» **Task prompt**
Apart from the pictures, every entry should be reproduced exactly.

» **Records from a data source**
·····
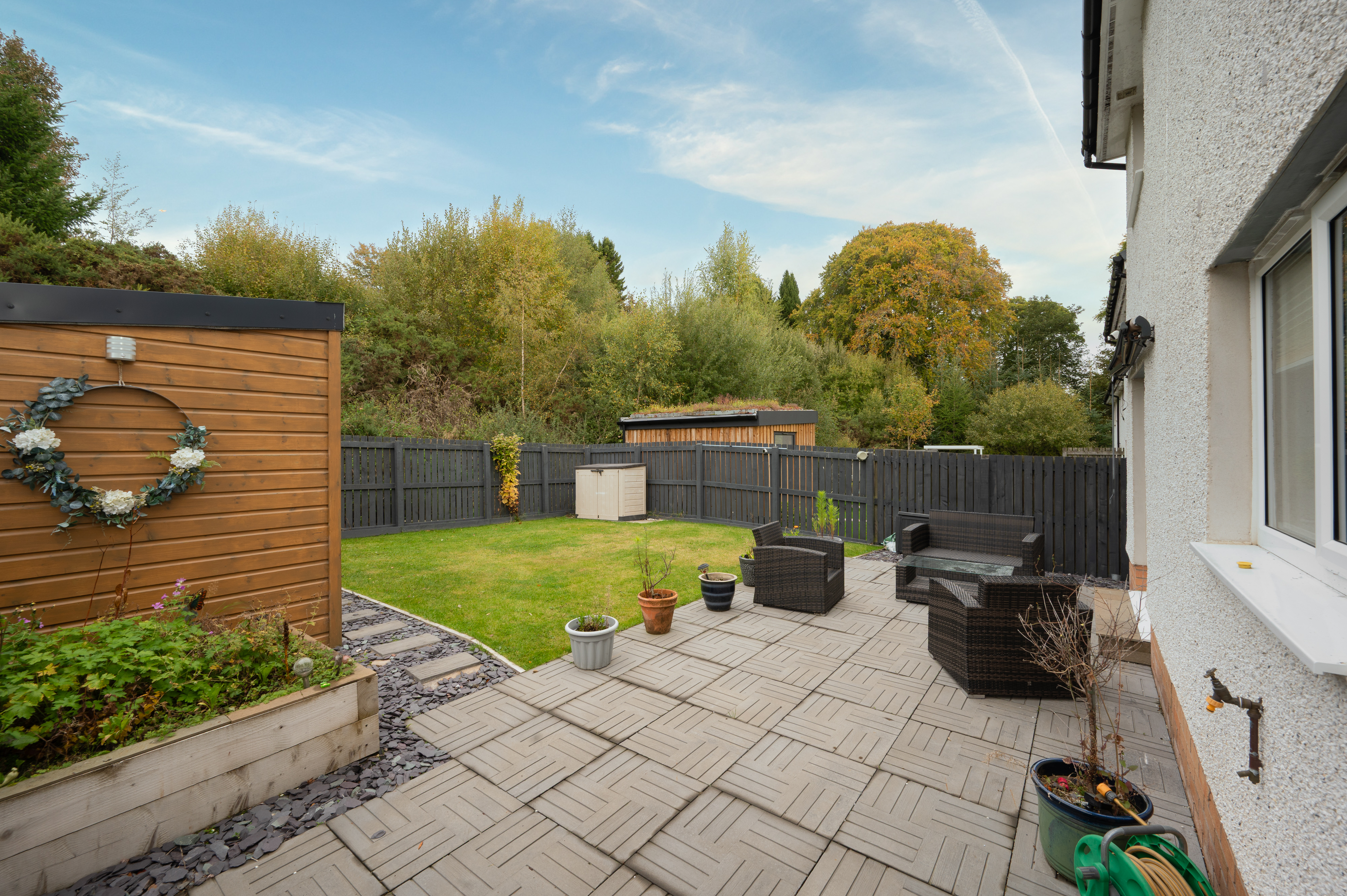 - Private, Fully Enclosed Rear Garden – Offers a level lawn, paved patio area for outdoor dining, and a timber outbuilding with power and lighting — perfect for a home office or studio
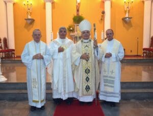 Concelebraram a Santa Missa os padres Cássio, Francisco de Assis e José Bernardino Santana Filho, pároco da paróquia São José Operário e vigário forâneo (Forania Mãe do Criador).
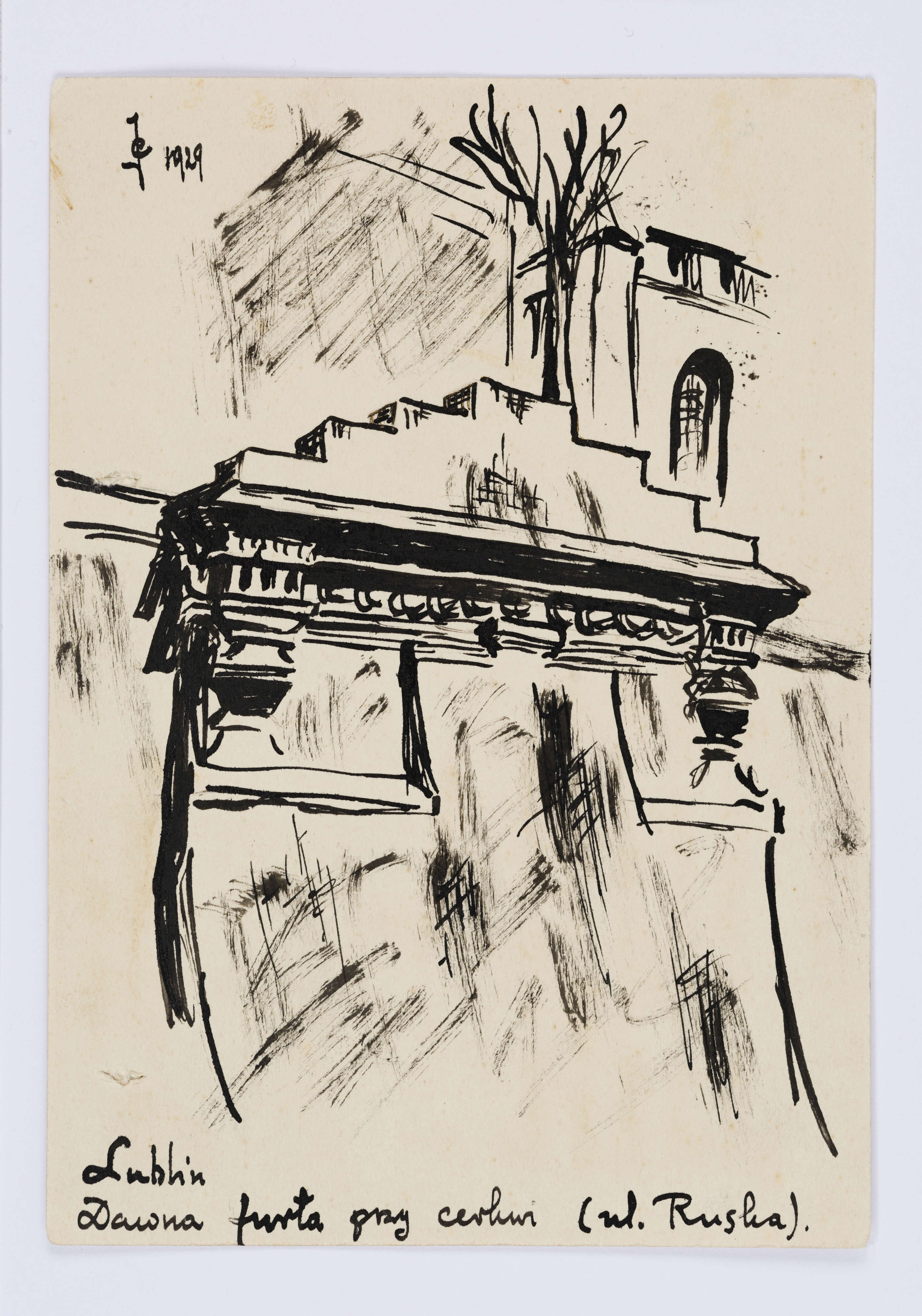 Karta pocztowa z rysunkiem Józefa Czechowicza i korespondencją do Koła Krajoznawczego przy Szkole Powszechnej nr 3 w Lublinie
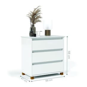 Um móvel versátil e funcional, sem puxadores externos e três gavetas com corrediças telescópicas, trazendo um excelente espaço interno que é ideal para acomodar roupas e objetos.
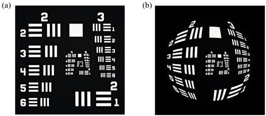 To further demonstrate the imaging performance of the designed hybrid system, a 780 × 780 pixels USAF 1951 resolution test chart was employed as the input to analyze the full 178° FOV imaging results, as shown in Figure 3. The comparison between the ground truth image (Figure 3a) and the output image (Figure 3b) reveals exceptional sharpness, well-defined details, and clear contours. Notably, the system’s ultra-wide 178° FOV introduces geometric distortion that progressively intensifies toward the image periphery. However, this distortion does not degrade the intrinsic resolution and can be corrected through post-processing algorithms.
·····
» **Solution to this problem**
 - Private, Fully Enclosed Rear Garden – Offers a level lawn, paved patio area for outdoor dining, and a timber outbuilding with power and lighting — perfect for a home office or studio
 Concelebraram a Santa Missa os padres Cássio, Francisco de Assis e José Bernardino Santana Filho, pároco da paróquia São José Operário e vigário forâneo (Forania Mãe do Criador).
 Karta pocztowa z rysunkiem Józefa Czechowicza i korespondencją do Koła Krajoznawczego przy Szkole Powszechnej nr 3 w Lublinie
 Um móvel versátil e funcional, sem puxadores externos e três gavetas com corrediças telescópicas, trazendo um excelente espaço interno que é ideal para acomodar roupas e objetos.
 To further demonstrate the imaging performance of the designed hybrid system, a 780 × 780 pixels USAF 1951 resolution test chart was employed as the input to analyze the full 178° FOV imaging results, as shown in Figure 3. The comparison between the ground truth image (Figure 3a) and the output image (Figure 3b) reveals exceptional sharpness, well-defined details, and clear contours. Notably, the system’s ultra-wide 178° FOV introduces geometric distortion that progressively intensifies toward the image periphery. However, this distortion does not degrade the intrinsic resolution and can be corrected through post-processing algorithms.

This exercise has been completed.